На самом деле, всем, кого я знаю, и всем, кто знает меня, как тем черепашкам, до фонаря, вон до того искусственного фонтана существование гадалки Джули со всеми ее, то есть, моими, делами. Ну, есть в этом мире гадалка Джули, ну и прекрасно.

Откуда, из России? Ах, с юга России? Да это же почти Трансильвания... Вот-вот, так и сказано на желтых страницах. Гадалка родом из Трансильвании... Значит, настоящая... Надо полагать, к вампирам имеет отношение... Тем более интересно... Значит, надо назначить по телефону встречу... Клиенты приходят, отсиживают передо мной положенные сорок минут и исчезают, чтобы появиться через месяц или не появиться никогда.

Чаще всего, это вообще-то клиентки, а не клиенты. Одинокие страдающие американки охотно платят за болтовню. Я гадаю по руке, по картам, рассказываю об интересующих их людях по почерку, зодиаку и фотографиям. Той лапши, что я за двадцатник вешаю на уши, для общения явно недостаточно: клиентки со своей стороны непременно должны ответить мне встречной лапшой. Комментируют, добавляют пикантные подробности, задают вопросы, от которых хоть стой, хоть падай.
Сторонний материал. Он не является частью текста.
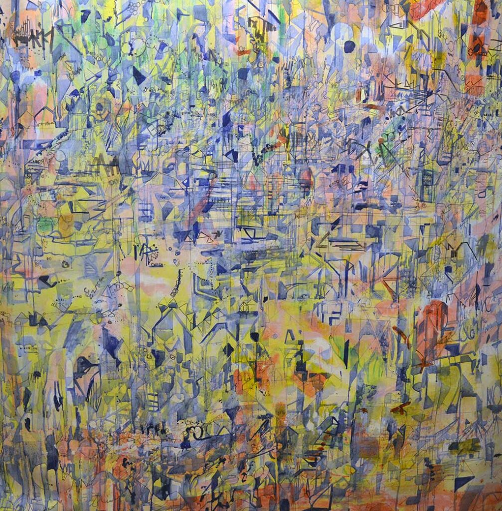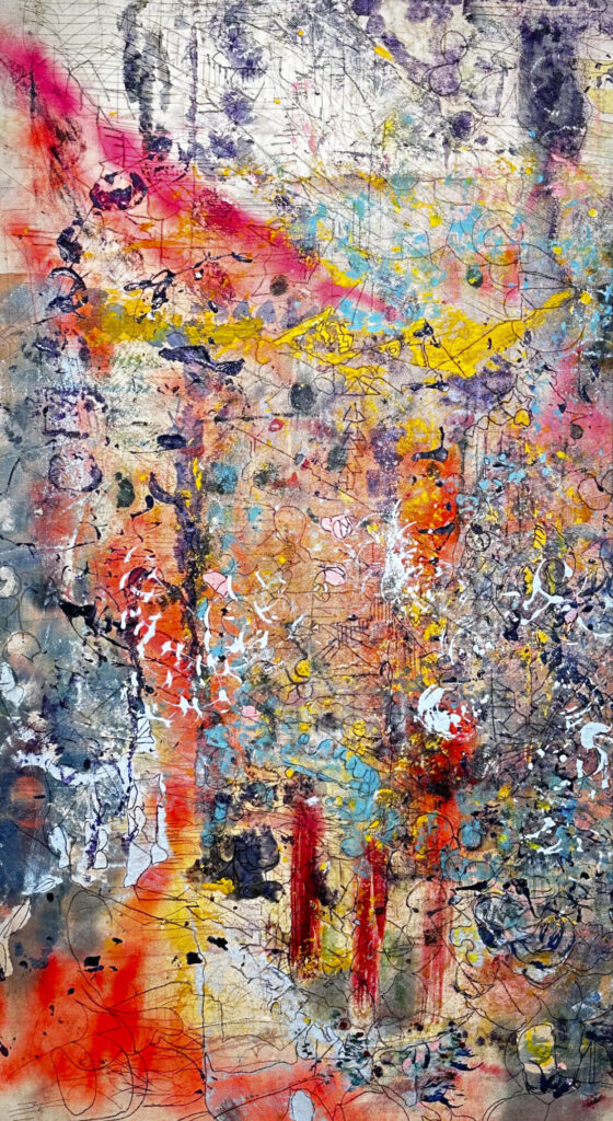 Las piezas juegan con la tensión entre lo orgánico y lo geométrico. Por un lado, los chorreados, las texturas y las manchas remiten a lo natural y a lo impredecible. Y, por otro, los trazos rectos se pueden entender como arquitectura o lo artificial. Esa dualidad refuerza una lectura donde la naturaleza y lo humano no se oponen, sino que dialogan entre ellos.

Например, обещаю молодого поклонника, а барышня требует, чтобы я сообщила ей его имя.

- Как насчет адреса и телефона?

Другой обещаю приятное знакомство, а она тут же спрашивает, обеспеченный ли он человек.

- Простите, номер счета карты не показывают.

Съязвлю и сразу думаю, что ж я, дура, делаю, она же гадать больше не придет, немедленно начинаю улыбаться, выкручиваться, обещать через две-три недели что-нибудь, более определенное. Увы, даже легкая ирония в нашем серьезном деле может только навредить. Да в конце концов, понятно же, что человеку хочется поговорить, а не с кем. Иначе, пошёл бы человек гадать?

Нет, не желаю о них думать, когда у меня перерыв и я отдыхаю.

Я умею заставить себя переключиться и начать думать о чем-нибудь другом. Проблема в том, что мысли мои получаются невеселыми, независимо от темы, с одним единственным итогом: все не так, ребята.

Недавно я где-то в отделе юмора прочла название страны, с ударениями на последних слогах, звучало очень по-русски: ни кара, ни гуа. Именно так я живу всю жизнь. Ни кара, ни гуа. Ни там, ни здесь. Ни кара, ни гуа.

Я поссорилась со своей единственной приятельницей художницей Деби, и виновата в этой ссоре, разумеется, я: Стюарт Хикки был нужен мне, как зимняя экскурсия на Тахо эскимосу.

Больше приятелей не допущу: я не желаю портить себе без того уже достаточно испорченную жизнь надеждами, которые не сбываются, и разрывами, которые неизбежны. Довольно иллюзий. Господин Печорин, вы мне больше не снитесь.

Последнюю веру в Печорина я потеряла пару лет назад на танцульках в еврейском центре. Собственно все случилось, когда танцульки почти закончились и больше ничего уже не предвиделось. Я стояла у сцены, напоследок обшаривала глазами полупустой зал, интересного для себя не находила и собиралась исчезнуть. Или это произошло после того, как публика разошлась? Конечно, ведь было полно света. Что я делала у сцены, забыла. Помню возникшую в дверях в другом конце зала высокую мужскую фигуру в белом шарфе. Вот он-то и нанес решающий удар, этот длинный белый шарф. Мгновенное столкновение с острыми блестящими глазами, и я мысленно назвала вошедшего Печориным. Мы оба одновременно двинулись навстречу друг другу по диагонали, сошлись в центре зала и без лишних церемоний начали целоваться.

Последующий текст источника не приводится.